The AI safety discourse has a chronic problem: it operates at two levels that rarely connect. At one end, you have high-level principles — "align AI with human values," "ensure meaningful human oversight," "avoid catastrophic risks." At the other end, you have specific technical fixes — RLHF, red-teaming, constitutional AI, jailbreak defenses. The middle layer — the practical governance infrastructure that bridges principles to implementation — has been largely absent.

AGENTSAFE tries to fill that gap specifically for agentic AI systems: autonomous agents operating in production environments, using tools, executing multi-step tasks, and making consequential decisions without direct human oversight for each step.

Paper: AGENTSAFE: A Unified Framework for Ethical Assurance and Governance in Agentic AI Authors: Rafflesia Khan, Declan Joyce, Mansura Habiba Published: arXiv:2512.03180, December 2025


Why Agentic AI Needs Its Own Governance Framework

Explanatory diagram

The important thing to understand about agentic AI governance is that it's fundamentally different from chatbot governance.

With a chatbot, the attack surface is a conversation. The agent says something harmful, a human sees it and reacts. The damage is bounded by the speed of the human feedback loop.

With an autonomous agent, the attack surface is action sequences in the world. The agent books a meeting, sends an email, modifies a file, calls an API, transfers funds. Each action is potentially irreversible. The feedback loop isn't human in the loop for each step — that defeats the purpose of the agent — so you need governance mechanisms that operate faster than the human decision cycle.
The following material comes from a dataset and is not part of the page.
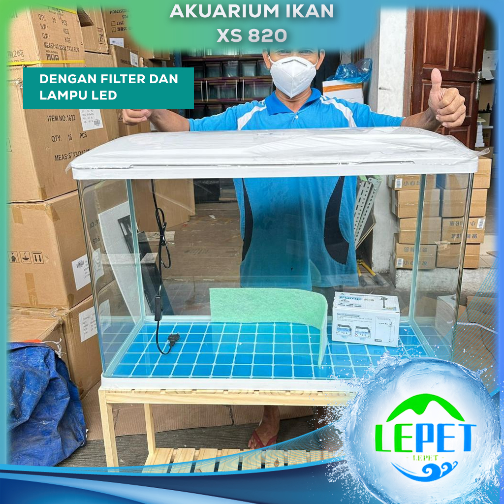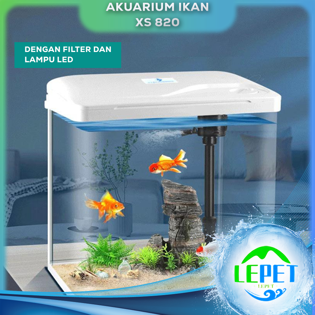 LEPET Akuarium Ikan XS 820 (80x33.5x58.5 cm)Tangki Ikan Mini Dengan Filter Dan Lampu Led
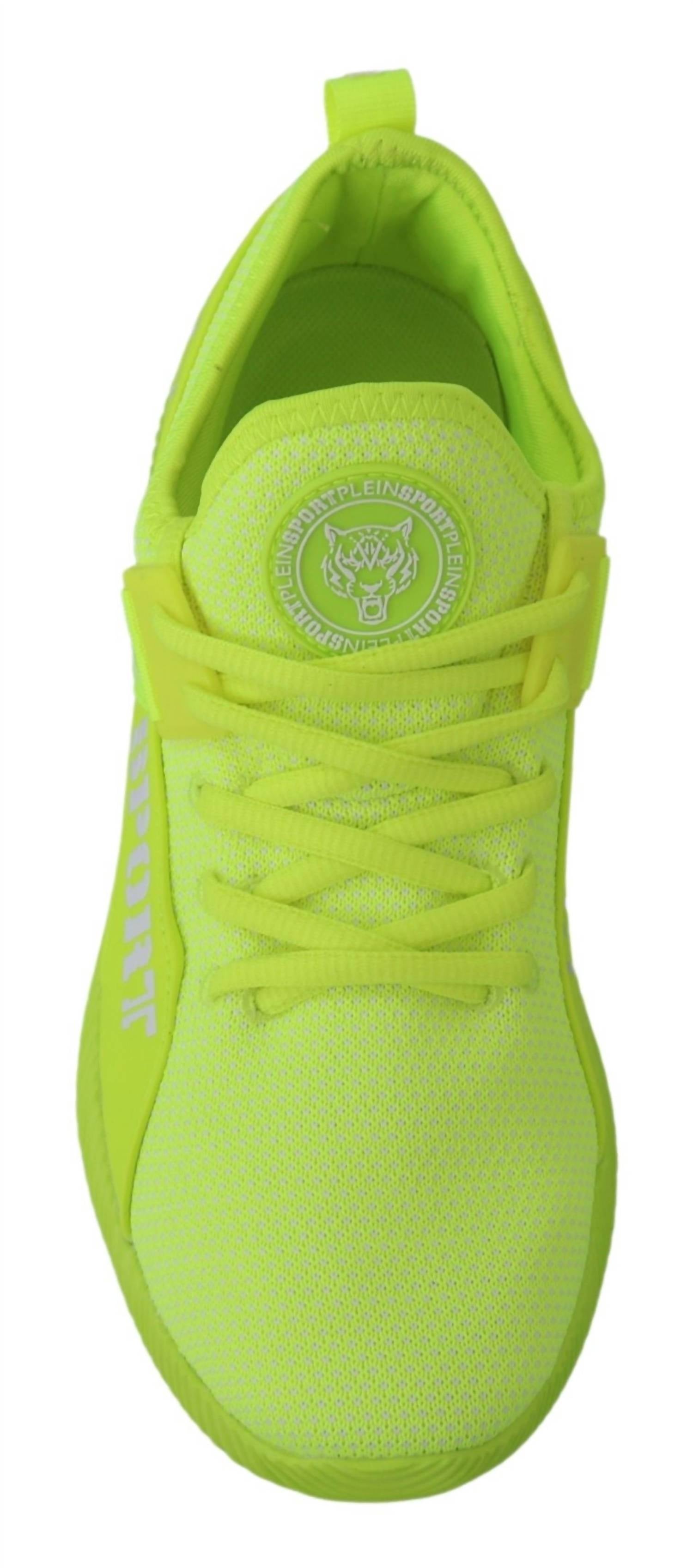 Cute, functional, and comfortable. These sneakers check all the boxes. Step out in style with the Women's Msc Sneakers by Plein Sport, crafted for the season in an eye-catching Carter Yellow. These sneakers boast a breathable polyester upper, ensuring comfort and durability for every spring adventure. Thoughtfully designed with a flat heel and round toe shape, this pair features renowned Plein Sport logo details for a touch of sophistication. Enjoy the resilience of a rubber sole, perfect for long-lasting wear.

This changes everything about how you think about safety:

Dimension Chatbot Governance Agent Governance
Attack surface Conversation output Action sequences in world
Harm timing Immediate, visible Delayed, subtle
Reversibility Usually reversible Often irreversible
Human oversight Every output Selected decision points
Failure modes Harmful text Harmful actions
Detection Content filtering Behavioral monitoring

AGENTSAFE is built around this distinction. It doesn't try to adapt chatbot safety approaches to agents; it builds from the ground up for agentic systems.


The Three-Phase Framework

AGENTSAFE organizes governance across three phases:

flowchart LR
    subgraph Phase 1: Design
    D1[Scenario Banking\nWorst-case scenario library]
    D2[Taxonomy Mapping\nRisk categories to controls]
    D3[Safety Architecture\nAgent design guardrails]
    end

    subgraph Phase 2: Runtime
    R1[Semantic Telemetry\nAgent action monitoring]
    R2[Anomaly Detection\nDeviation from safe patterns]
    R3[Circuit Breakers\nAutomatic intervention triggers]
    end

    subgraph Phase 3: Audit
    A1[Cryptographic Tracing\nTamper-evident action logs]
    A2[Accountability Mapping\nWho authorized what]
    A3[Post-incident Analysis\nWhat went wrong and why]
    end

    D3 --> R1
    R3 --> A1

Design Phase: Prevention

The scenario banking concept is one of the more practical ideas in the paper. Rather than trying to enumerate all possible failure modes abstractly, you build a library of worst-case scenarios specific to your agent's domain and tools. For a financial agent: unauthorized fund transfers, data exfiltration, insider trading signals. For a healthcare agent: incorrect diagnoses acted upon, medication contraindication ignored, HIPAA data exposed.

This sounds obvious, but most teams skip it. They deploy agents and discover failure modes in production. Scenario banking forces you to think adversarially before deployment.

The taxonomy mapping step connects the AI Risk Repository's risk categories to specific technical controls — which is exactly the kind of operationalization that's been missing.

Runtime Phase: Detection

The runtime monitoring approach in AGENTSAFE is built around what the paper calls "semantic telemetry" — monitoring the meaning of agent actions, not just their technical parameters. An agent calling send_email isn't inherently a problem. An agent calling send_email with a recipient list that deviates significantly from its authorized scope is.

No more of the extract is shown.